GIS - 16 December, 2013: A plan for the prevention and control of chikungunya, dengue and malaria is critical for Mauritius because our island is vulnerable to outbreaks of the above mentioned diseases.
This statement was made this morning by the Minister of Health and Quality of Life, Mr Lormus Bundhoo, during a press conference on vector-borne diseases held in Port Louis. He recalled that the vector mosquito that can transmit both chikungunya and dengue is present in Mauritius as well as the mosquito that transmits malaria. Moreover, once introduced in a country, dengue is very difficult to eradicate and tends to recur periodically. Hence the need be vigilant and to take all precautionary measures so as to prevent the proliferation of vector-borne diseases transmitted by mosquitoes, he said.
Other reasons why Mauritius is vulnerable to these diseases include: extensive travel and trade links of Mauritius to dengue, chikungunya and malaria endemic zones; high number of high risk environmental pockets favouring breeding of mosquitoes; and lack of immunity in the population which increases the risks of outbreaks.
Minister Bundhoo pointed out that with regard to chikungunya, Mauritius is still prone to future outbreaks since some 30% of the population had developed the diseases during the past epidemics of chikungunya. As for dengue, the majority of the population is also susceptible to infection since very few people or none are totally immune to the disease.
He called for extreme vigilance since summer months are associated with an increase in mosquito population. “Recently the country has witnessed localized heavy downpours thus resulting in accumulation of water which will lead to increase in breeding places, while overgrown vegetation can serve as mosquito harboring places”, said the Minister.
Statistics reveal that some 17 cases of dengue fever during the period September 2013 to 13 December 2013 have been detected among Mauritian passengers arriving from Delhi. Furthermore, 46 imported cases of malaria have been detected since the beginning of the year and no case of chikungunya has been reported.
Several measures have been put in place by the Ministry for the control and prevention of the diseases. As regards disease surveillance, case detection starts at the port of entry. Passengers coming from endemic regions are screened by health inspectors and the thermal scanner at the airport. These passengers are thereafter followed up at their place of residence. Suspected cases are further screened by Health Surveillance Officers using the blotting paper technique. Since January 2013, 2 115 samples have been tested for both chikungunya and dengue amounting to 10 733 tests carried out.
Vector control activities include survey of mosquito breeding sites such as peri-domestic areas and flood prone areas, as well as larcividing which is carried out all over the island throughout the year.

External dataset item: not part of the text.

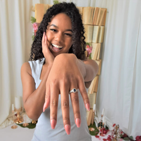 Genuine Emerald Cut Blue Sapphire & 1/4cttw Diamond Vintage Halo 10K White Gold Engagement or Statement Ring

Fogging and spraying activities are also undertaken whenever required. Vector surveillance is carried out by the Vector Biology and Control Division with a view to following the trend of mosquito population density. Mosquitoes are also caught and sent to the laboratory for detection of viruses and other micro organisms. In 2013, mosquitoes from 415 localities around Mauritius have been tested for chikungunya and dengue. Ongoing sensitization and awareness campaigns through media and at community level are also undertaken.
To discuss about the current situation, measures taken and the way forward, an intersectoral meeting under the chairmanship of the Health Minister was held this morning. All stakeholders, namely the Ministry of Local Government, Ministry of Environment and Sustainable Development, Ministry of Agro-Industry and Food Security, Ministry of Tourism and Leisure, l’Association des Hoteliers et Restaurateurs de l’île Maurice, World Health Organisation, the police, private clinics and private sector operators, have been called upon to reinforce the surveillance system put in place as regards vector control activities.